2重否定 (double_negative) ,あるいはより一般的に多重否定 (multiple negative) は,規範文法において断罪されてきた最たる項目である(cf. 「#301. 誤用とされる英語の語法 Top 10」 ([2010-02-22-1])).歴史的にいえば,形式としては古英語から知られており,意味・機能としては否定辞が偶数個あろうが奇数個あろうが,常に通常の(あるいは強調された)「否定」だった.否定辞が偶数個ある場合に,打ち消しあって「肯定」という論理学的な発想など,もともとなかったのである.しかし,「理性の時代」である18世紀にブームとなった規範主義 (prescriptivism) とそれを体現した規範文法書 (prescriptive_grammar) により,2重否定は突如として英語世界のスターダムにのし上がったとされる.
その最初の仕掛け人は,An Essay Towards a Practical English Grammar (1711) を著わした James Greenwood である.かの Benjamin Franklin も独習したという,規範文法時代初期の文法書である (cf. 「#2904. 英語史における Benjamin Franklin の役割」 ([2017-04-09-1])).こちらの1753年版 でいうところの p. 182 にて "Two Negatives, or two Adverbs of Denying, do in English affirm." と述べられている.
その後,この Greenwood の「屁理屈」は他の規範文法家にもコピーされ,現代の学校文法にまで消しがたい痕跡を残すことになった.しかし,改めて強調しておくが,Greenwood の時代はもちろん,その前後の時代においても,2重否定は純然たる否定を意味するのに常用されてきた表現である.非難される表現でもなければ,逆に推奨される表現でもなく,ニュートラル,かつ話題に取り上げられることもないほどに平凡な表現にすぎなかった.それが,Greenwood (とその追随者)による屁理屈な一言で,ネガティヴな価値を付されたというのも,理性の時代の出来事とはいえ不思議である.Horobin (64) も同じ趣旨で,この問題の屁理屈さを訴えている.

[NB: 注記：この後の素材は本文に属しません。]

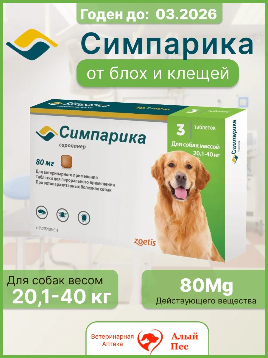 Таблетки от блох и клещей Симпарика 20 до 40 кг в упаковке 3 таблетки. Препарат от блох и клещей для собак весом 20 до 40 кг. Одной таблетки лекарства от блох и клещей хватит на 1 месяц защиты вашего питомца. В одной упаковке 3 таблетки. Симпарику назначают собакам для лечения и профилактики энтомозов, вызываемых блохами (Ctenocephalides felis, Ctenocephalides canis ), акарозов, вызываемых иксодовыми (Dermacentor reticulatus, Dermacentor variabilis, Ixodes hexagonus, Ixodes holocyclus, Ixodes ricinus, Ixodes scapularis, Rhipicephalus sanguineus, Amblyomma americanum, Amblyomma maculatum), саркоптоидными (Sarcoptes scabiei), псороптоидными (Otodectes cynotis) и демодекозными (Demodex canis) клещами.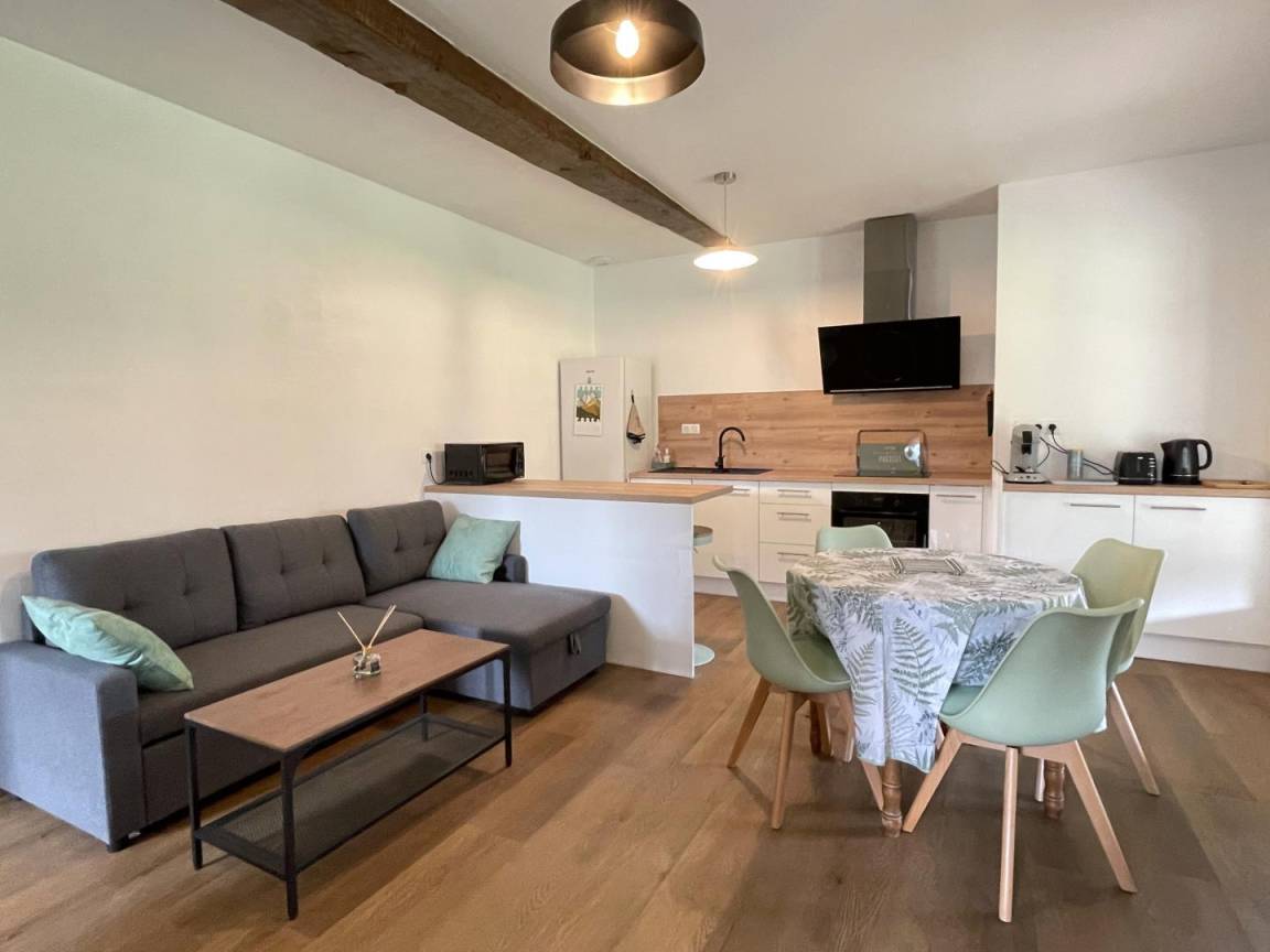 „Séjour très agréable dans une maison confortable avec un jardin dans lequel notre petit chien s'est éclaté! le village est sympa avec une belle architecture locale et la montagne est tellement belle. Très bon accueil des propriétaire toujours à l'écoute de leurs locataires.“

As is usual in such works, no support for the claim is offered; it is certainly not based on practice, since double negatives had been common since Old English. A famous instance appears in Geoffrey Chaucer's description of the knight in the Canterbury Tales, who 'nevere yet no vileynye [evi] ne sayde . . . unto no maner wight [person].' Since there are four negatives here (nevere, no, ne, no) a prescriptivist might be inclined to claim that Chaucer is signalling the knight's rudeness, but this is self-evidently not the implication; the incremental build-up of negatives is intended to underline the knight's purity of speech and good manners.
This is not just a quirk of the English language; multiple negation as a form of reinforcement is found in other languages, like French, where 'je ne veux rien' uses both the negative ne and rien 'nothing'---'I don't want nothing'.
ただし,上で「Greenwood (とその追随者)による屁理屈な一言で」断罪されたと述べたものの,これとは異なる見解 --- 当時までに2重否定の使用は下火になっていたのではないか --- も提出されていることを付言しておきたい.これについては「#2999. 標準英語から二重否定が消えた理由」 ([2017-07-13-1]) を参照.
・ Horobin, Simon. How English Became English: A Short History of a Global Language. Oxford: OUP, 2016.